To be honest it was unnerving. Perhaps that is another reason that this memory is so vivid after all of these years.

Where It Began

In the closing months of the Ciivil War, and in the years that followed, communities gathered for somber commemoration ceremonies. One of the earliest of these took place in Charleston, South Carolina.

When Confederate troops evacuated the burning city many of the people living among the ruins were former slaves. In late April 1865 these recently emancipated people began exhuming the mass grave of Union soldiers that had died while being held as prisoners at the Charleston race track. They then created a new cemetery. On May 1, according to a reports published in the The New York Tribune and The Charleston Courier, a crowd of 10,000 people including freed slaves and “white” missionaries, staged a parade around the race track.

According to the published stories, thousands of “black children” carried bouquets of flowers and sang “John Brown’s Body” during the parade. Members of Black Union regiments attended as honor guards. Black ministers recited verses from the Bible.

Official Recognition

Officially Decoration Day dates to May 30, 1868. An organization of Union veterans — the Grand Army of the Republic (GAR) — established this as a day of remembrance. The graves of soldiers that died in combat would be honoroed y having their graves decorated with flowers.

The first official observance was held that year at Arlington National Cemetery, across the Potomac River from Washington, D.C. The veranda of the Arlington mansion that was once the the home of General. Robert E. Lee were adorned with black bunting.

General and Mrs. Ulysses S. Grant presided over the ceremonies. After speeches from government officials, offices, and veterans, children from the Soldiers’ and Sailors’ Orphan Home and members of the GAR made their way through the cemetery, placing flowers on both Union and Confederate graves. This was followed by hyms and prayers for the families of fallen soldiers, and for national healing.

Unifying The Nation

National healing and unification after the tragedy that was the American Civil War was a long time coming. In 1873, New York was the first state to designate Memorial Day as a legal holiday.By the dawn of the new century, many cities and communities observed Memorial Day. Numerous states had had declared it a legal holiday.

After World War I, it became an occasion for honoring those who died in all of America’s wars. But it wasn’t until 1971 that Congress passed the Uniform Monday Holiday Act and established that Memorial Day was to be commemorated on the last Monday of May. And that is the orignins of the tradition at Arlington National Cemetery in which a small American flag is placed on each grave, and the President or Vice President lays a wreath at the Tomb of the Unknown Soldier.

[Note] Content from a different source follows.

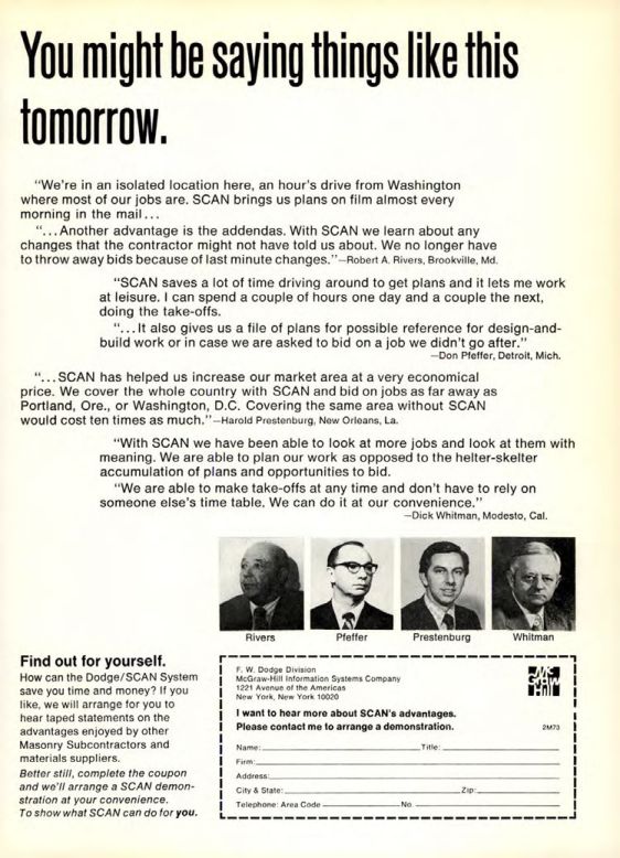 "... Another advantage is the addendas. With SCAN we learn about any changes that the contractor might not have told us about. We no longer have to throw away bids because of last minute changes."-Robert A. Rivers, Brookville, Md.

In the states that once formed the Confederate States of America, divisions ran deep. Decoration Day celebrations often honored the Confederate dead. Mississippi celebrated Confederate Memorial Day on the last Monday of April, Alabama on the fourth Monday of April, and Georgia on April 26. North and South Carolina observed it on May 10, Louisiana on June 3. Tennessee actually callied it Confederate Decoration Day. Texas celebrated Confederate Heroes Day on January 19. In Virginia the last Monday in May was designated Confederate Memorial Day.


Still, many of these states also honored the fallen dead on the holiday at the end of May. That was another reason I remember my childhood experience with Decoration Day. Even at that young age it seemed odd to see the line of weathered headtones adorned with a blending of American and Confederate battle flags fluttering on the breeze.

That sunny day that I remember so well took place sixty years ago. The horrendous war that so many people celebrate by waving the flag associated with rebellion ended more than one hundred fifty years ago.

This Memorial Day, as is my custom, I walked through Mountain View Cemetery taking time to read the inscriptions of veterans headstones. The POW flag and American flag unleashed a swirl of emotion about our nations past, and worries about our nations future as we have embraced division over unity.